ASSIGNMENT:
There is material below. Print exactly the lines starting at the line with "Dr Pious Thomas, Professor" and ending at the line with "Crown: Polished stainless", ends included, and no others.

*** Opening SOURCE MATERIAL ***

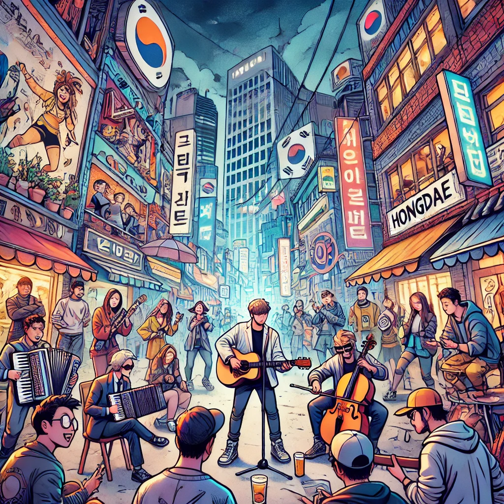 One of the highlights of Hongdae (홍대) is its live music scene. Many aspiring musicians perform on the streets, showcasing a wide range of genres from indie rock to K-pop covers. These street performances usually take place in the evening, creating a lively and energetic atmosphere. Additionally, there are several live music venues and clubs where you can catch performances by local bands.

*** Closing SOURCE MATERIAL ***
*** Opening SOURCE MATERIAL ***

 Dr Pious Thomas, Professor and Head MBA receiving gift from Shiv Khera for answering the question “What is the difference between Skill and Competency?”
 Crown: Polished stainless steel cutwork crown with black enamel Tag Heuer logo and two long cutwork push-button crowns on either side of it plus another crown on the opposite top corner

*** Closing SOURCE MATERIAL ***
*** Opening SOURCE MATERIAL ***

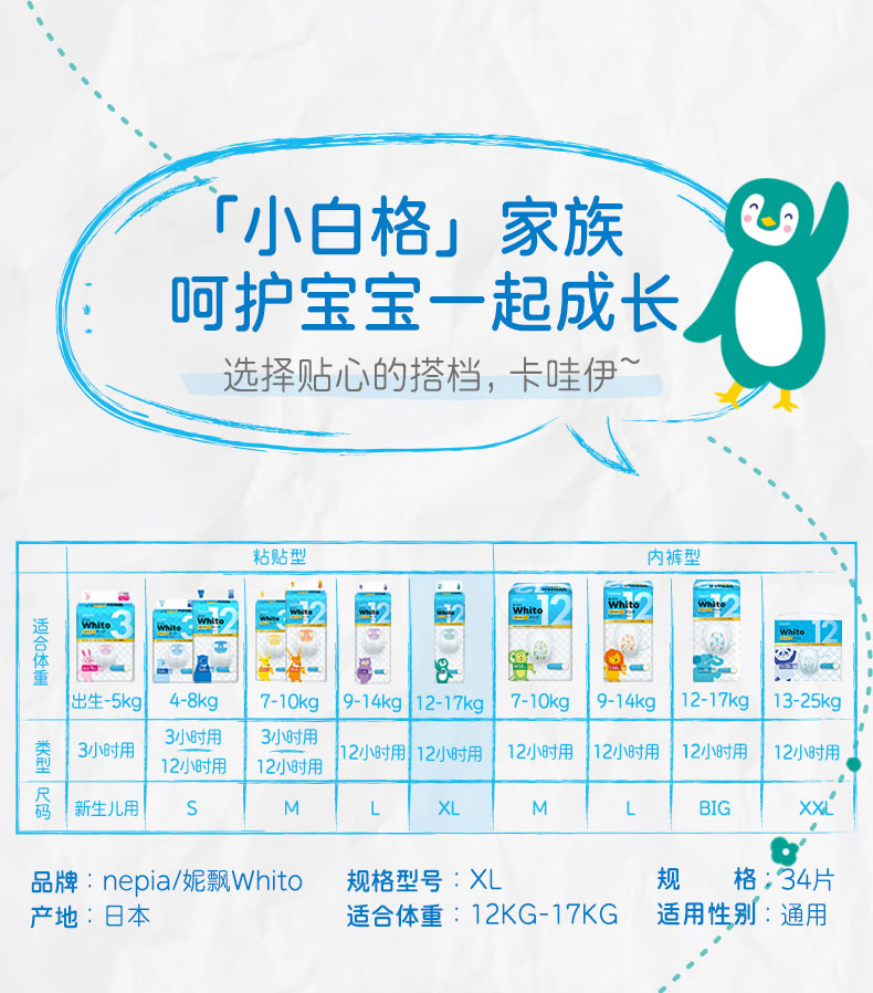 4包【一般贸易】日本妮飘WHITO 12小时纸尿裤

*** Closing SOURCE MATERIAL ***

EXERCISE RESPONSE:
 Dr Pious Thomas, Professor and Head MBA receiving gift from Shiv Khera for answering the question “What is the difference between Skill and Competency?”
 Crown: Polished stainless steel cutwork crown with black enamel Tag Heuer logo and two long cutwork push-button crowns on either side of it plus another crown on the opposite top corner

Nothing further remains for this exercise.